There are things that I know would make me a better economist — practicing research ideation, spending more time reading papers, just having more conversations about economics — but the truth is that I just don’t want to do those things. I’m unwilling to take the time I’m spending on these other areas of my life — hiking, a cappella, reading Infinite Jest, and of course, being around people I care about — and spend more of it on economics.

To be clear, it’s not like I’m not working; I probably put in at least 40-45 hours each week doing economics, and I’m trying to think about potential research ideas, and I’ve got a research project in the pipeline where I’m trying to get data access, and so on. But as with everything, there is so much more that I could be doing, and in particular, I know that I prioritize the “grad student” side of me less than many of my peers.

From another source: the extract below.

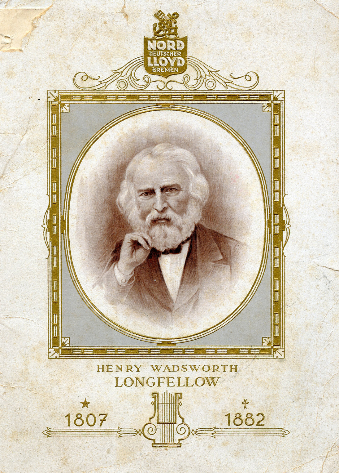 [Below: This is a booklet called 'Across the Atlantic' that honors the poet Henry Wadsworth Longfellow, from the 'New York' ship from June 5, 1930. Click to see more.]
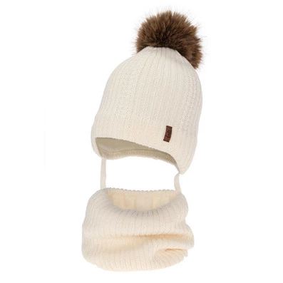 Czapka i komin dla dziewczynki zimowy komplet, beżowy, z wełną merino, z pomponem, wiązany Muanda

Is there a simple explanation, like I just care less about economics than them? Is my avoidance of (academic) work a self-perception thing, where I don’t want to see myself as a person willing to sacrifice doing things I enjoy for the sake of my career? If I were to spend more time working, I could probably end up being a pretty good economist — why is it that I don’t care about becoming one? Are these my true values, or am I just scared of trying and failing?

Why is it that I’m in such a lucky position — an economics graduate student at MIT, goddammit — and not trying to make the most of it?

I don’t think that I’d be happy with my life if I tried to be the best economist I could be. But then why, in this world where I choose to value day-to-day happiness more than my research, do I still feel bad about making this choice for myself?


As it goes with life (and many of my posts): many questions, and the vaguest inklings at answers. Those answers will only come with more reflection, more conversations with others, and more time — if ever.

There is no rush to find those answers. For now, I sit here with these thoughts, just identifying and feeling, and trying to put the puzzle pieces together.